There’s a problem though…after attempting to date white boys in the past, with scaring results, Vanessa has vowed not to go down that road again.

The two of them form a friendship as they start to work together on an app for the barber shops, and it doesn’t take too long before it turns into more. But will they both end up hurt?

This book is super emotional, there is talk of racism, suicide, depression, and other heavy topics—but it’s also incredibly sweet and tender.

I really loved Vanessa’s character so much, she was a badass. I did have problems with Khalid’s actions on a few occasions which were setting off some alarm bells for me.
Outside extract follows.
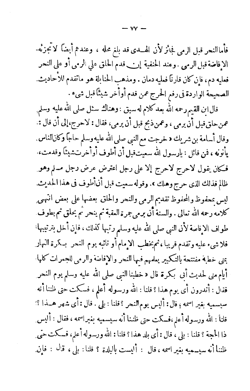 قال ابن القيم رحمه الله بعد كلام له سبق: وهناك سئل صلى الله عليه وسلم عمن حلق قبل أن يرمي، وعمن ذبح قبل أن يرمي، فقال: لا حرج إلى أن قال: وقال أسامة بن شريك (خرجت مع النبي صلى الله عليه وسلم حاجاً وكان الناس يأتونه، فمن قائل: يا رسول الله سعيت قبل أن أطوف أو أخرت شيئاً وقدمت، فكان يقول لا حرج لا حرج إلا على رجل اعترض عرض رجل مسلم وهو ظالم فذلك الذي حرج وهلك) . وقوله سعيت قبل أن أطوف في هذا الحديث ليس بمحفوظ والمحفوظ تقديم الرمي والنحر والحلق بعضها على بعض انتهى كلامه رحمه الله تعالى. والسنة أن يرمي جمرة العقبة ثم ينحر ثم يحلق ثم يطوف طواف الإفاضة لأن النبي صلى الله عليه وسلم رتبها كذلك، فإن أخل بترتيبها فلا شيء عليه وتقدم قريباً، ثم يخطب الإمام أو نائبه يوم النحر بكرة النهار بمنى خطبة مفتتحة بالتكبير يعلمهم فيها النحر والإفاضة والرمي للجمرات كلها أيام منى لحديث أبي بكرة قال (خطبنا النبي صلى الله عليه وسلم يوم النحر فقال: أتدرون أي يوم هذا؟ قلنا: الله ورسوله أعلم، فسكت حتى ظننا أنه سيسميه بغير اسمه، قال: أليس يوم النحر؟ قلنا: بلى. قال: أي شهر هذا؟ قلنا: الله ورسوله أعلم، فسكت حتى ظننا أنه سيسميه بغير اسمه، فقال: أليس ذا الحجة؟ قلنا: بلى، قال: أي بلد هذا؟ قلنا: الله ورسوله أعلم، فسكت حتى ظننا أنه سيسميه بغير اسمه. قال: أليست بالبلدة؟ قلنا: بلى، قال: فإن

This one is also open door, and steamy. So a perfect read for #FlirtyFebruary 😉 I’d give it a steam level of: 🍆🍆🍆/5

Synopsis:

Khalil Sarda went through a rough patch last year, but now he's nearly back to his old self. All he has to do is keep his "stuff" in the past. Real men don't have depression and go to therapy--or, at least they don't admit it. He's ready to focus on his growing chain of barbershops, take care of his beloved Detroit community, and get back to being the ladies' man his family and friends tease him for being. It'll be easy . . . until Vanessa throws him completely off his game.

Vanessa Noble is too busy building a multimillion-dollar tech career as a Black woman before age thirty to be distracted by a relationship. Not to mention, she's been burned before, still dealing with the lingering hurt of a past breakup. Besides, as her friends often remind her, she'll never find a man who checks all the boxes on her famous List. Yet when she desperately needs a shape-up and happens upon one of Khalil's barbershops, the Fade, he makes her reconsider everything. Khalil is charming, intelligent, sexy, and definitely seems like he'd treat a woman right . . . but he's not Black.

Vanessa may be willing to take a chance on Khalil, but a part of him is frustratingly closed off, just out of her reach. Will old patterns emerge to keep them apart? Or have they both finally found a connection worth throwing away the playbook for?